As if these obstacles weren’t enough, zero tolerance policies and implicit racial bias is yet another towering hurdle that Black students are asked to leap over while many of their white counterparts have bolted ahead on their own relatively hurdle-free track.
Teachers have been found to be more harsh in their punishments of Black students because implicit racial biases create different perceptions of a Black child misbehaving versus a white one.
Consider stories like the Black high school student in Louisiana who was actually hit with assault charges for tossing what was believed to be Skittles at a classmate on the bus. The student was suspended, served jail time and his days out of the classroom were marked as unexcused absences.
While such acts don’t always land Black students in handcuffs, far too often such actions force them out of the classroom for several days—robbing them of important time in the classroom and vital information.
Their white counterparts are far less likely to be slammed with such a punishment.
The U.S. Department of Education’s Office for Civil Rights found that Black students are expelled or suspended from school at nearly three times the rate of white students and this trend starts well before they reach the halls of middle school.
While Black students only made up roughly 18 percent of all enrolled preschoolers for the 2011-2012 school year, they accounted for more than 40 percent of single school suspensions. That percentage increased by more than 5 percent for students who have received multiple out of school suspensions.

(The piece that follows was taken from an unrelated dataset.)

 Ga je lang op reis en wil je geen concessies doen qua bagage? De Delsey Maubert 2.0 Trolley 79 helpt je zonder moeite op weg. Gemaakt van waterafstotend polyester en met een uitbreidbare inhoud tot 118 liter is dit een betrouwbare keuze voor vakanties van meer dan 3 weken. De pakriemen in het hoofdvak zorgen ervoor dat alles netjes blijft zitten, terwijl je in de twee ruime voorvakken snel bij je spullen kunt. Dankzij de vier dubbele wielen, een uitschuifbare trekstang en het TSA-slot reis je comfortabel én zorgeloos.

So while the Brown v. Board of Education ruling was truly historic and monumental, it was not the sole Supreme Court ruling that could truly provide equal education for all students regardless of their race or socioeconomic background.
For more than 60 years Black students have been allowed to sit in the same classroom as their white peers while still living a very different reality inside the very same walls. For this reason, the 61st anniversary of Brown v. Board of Education isn’t a milestone that should come with too much celebration.
What it can be, however, is the spark that lights a fire under both state and federal legislators, pushing them to realize that the dream of equal education for all is a dream not yet realized.